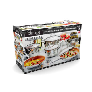 $45.75Add to cartRevolutionize the way you cook and the way your kitchen cabinets look with Gotham Steel stackable space saving cookware. Constructed with a triple coated cast-texture coating, this Gotham Steel stackable is the perfect balance for ultra-nonstick and long-lasting durability. They can withstand metal utensils and are dishwasher safe for easy clean up. Gotham Steel stackable cookware has a unique design that saves 30% more cabinet space, it allows the aluminum pans, pots and glass lids to nest together as a secure stack. This cookware set features popular pots and pans needed for everyday cooking, baking, and even roasting. Color: Copper.
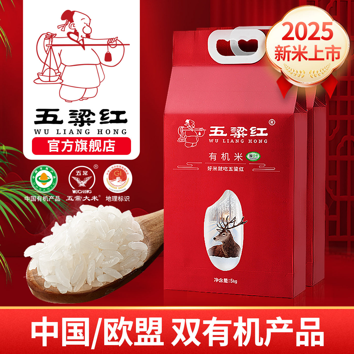 2025新米五梁红正宗特等有机五常大米5kg稻花香2号黑龙江东北大米
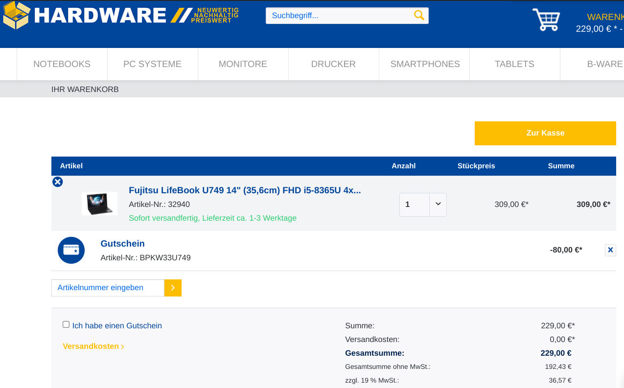 Für günstige 229 Euro gibts jetzt das Fujitsu LifeBook U749 Business-Notebook mit erweiterbaren 16 GB RAM, 256 GB SSD, Wechsel-Akku, LTE und Windows 11 Pro im Angebot. Um auf den Deal-Preis zu kommen, gibt man den Rabattcode "BPKW33U749" im Warenkorb an.
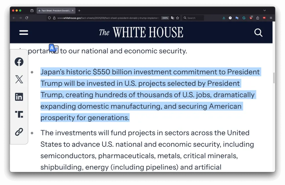 - 백악관이 공개한 팩트시트를 보면 일본은 “일본이 도널드 트럼프(미국 대통령)에게 약속한 역사적인 5500억 달러 투자한다”고 약속했다. “트럼프가 선정한 프로젝트에 투자해서 미국의 번영을 세대에 걸쳐 보장할 것”이라는 내용도 담겼다.
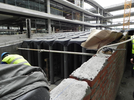 La que requirió un mayor esfuerzo técnico fue el diseño de un elemento constructivo que permitiera construir recrecidos de altura variable de hasta 1,80 m de altura y que pudieran soportar la sobrecarga de un camión de bomberos.
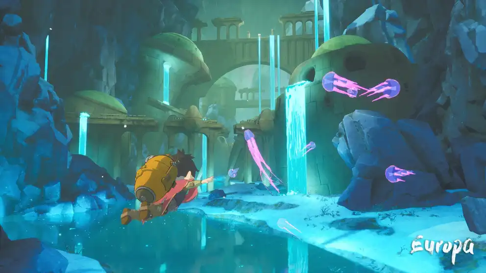 With reversed gravity boots and your Zephyr, seamlessly transition from running along the ground to soaring through the air. Upgrade your jetpack to reach new heights and uncover Europa's deepest secrets.
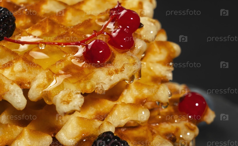 Свежие хрустящие бельгийские вафли со свежей черникой, ежевикой и красной смородиной, залитые свежим медом крупным планом
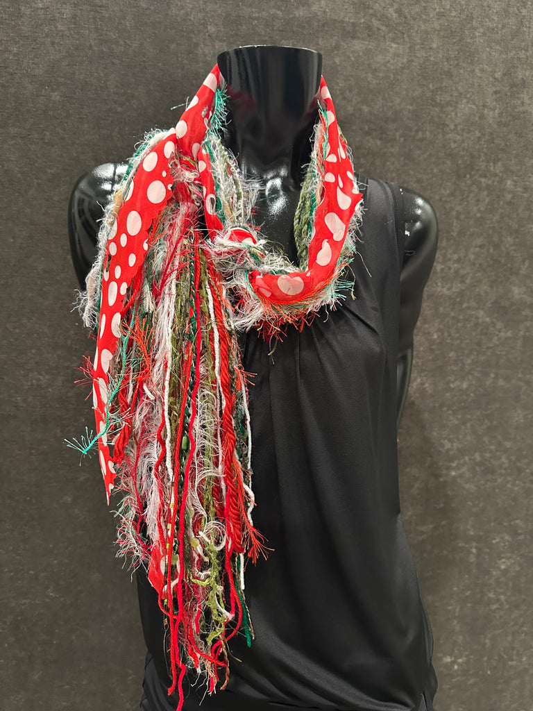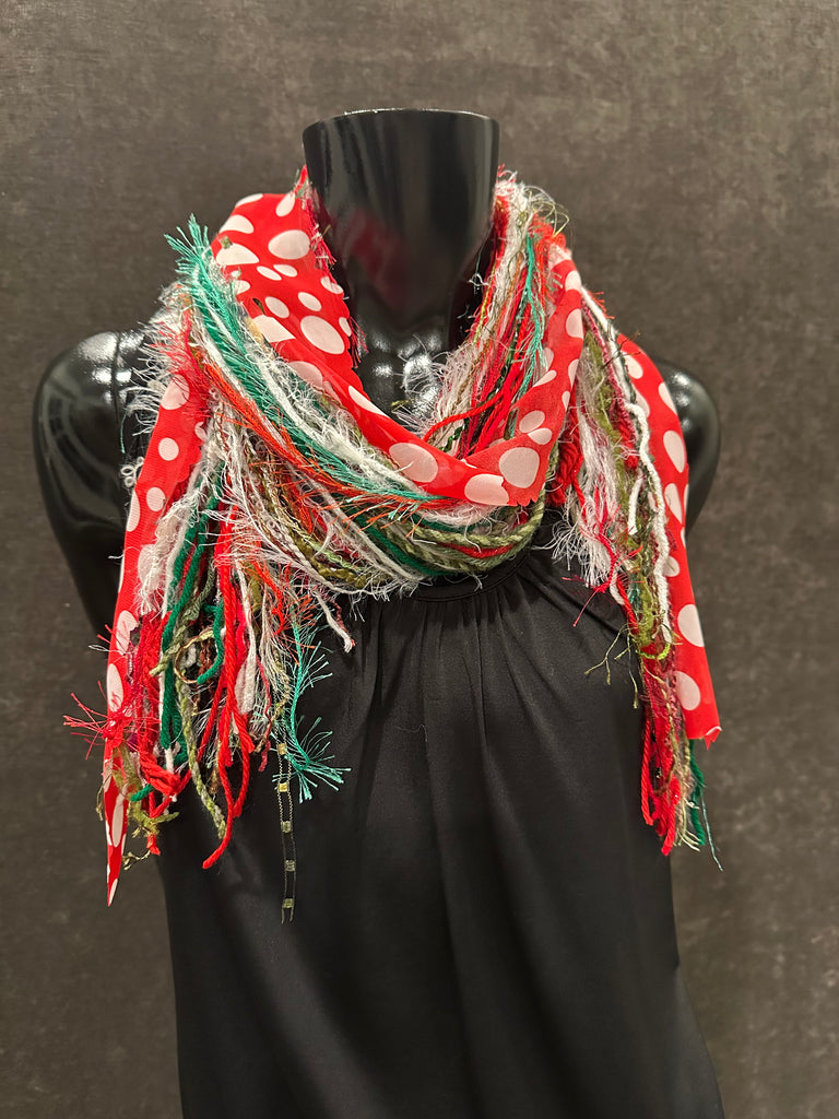 Christmas color Grinch scarf with ribbons, ugly sweater, polka dot scarf

◆ Exercise instructions ◆
Exactly the lines from the one holding "- 백악관이 공개한 팩트시트를" through the last line of the entries must be set down, with nothing added and no pictures.

◆ Solution to this task ◆
 - 백악관이 공개한 팩트시트를 보면 일본은 “일본이 도널드 트럼프(미국 대통령)에게 약속한 역사적인 5500억 달러 투자한다”고 약속했다. “트럼프가 선정한 프로젝트에 투자해서 미국의 번영을 세대에 걸쳐 보장할 것”이라는 내용도 담겼다.
 La que requirió un mayor esfuerzo técnico fue el diseño de un elemento constructivo que permitiera construir recrecidos de altura variable de hasta 1,80 m de altura y que pudieran soportar la sobrecarga de un camión de bomberos.
 With reversed gravity boots and your Zephyr, seamlessly transition from running along the ground to soaring through the air. Upgrade your jetpack to reach new heights and uncover Europa's deepest secrets.
 Свежие хрустящие бельгийские вафли со свежей черникой, ежевикой и красной смородиной, залитые свежим медом крупным планом
 Christmas color Grinch scarf with ribbons, ugly sweater, polka dot scarf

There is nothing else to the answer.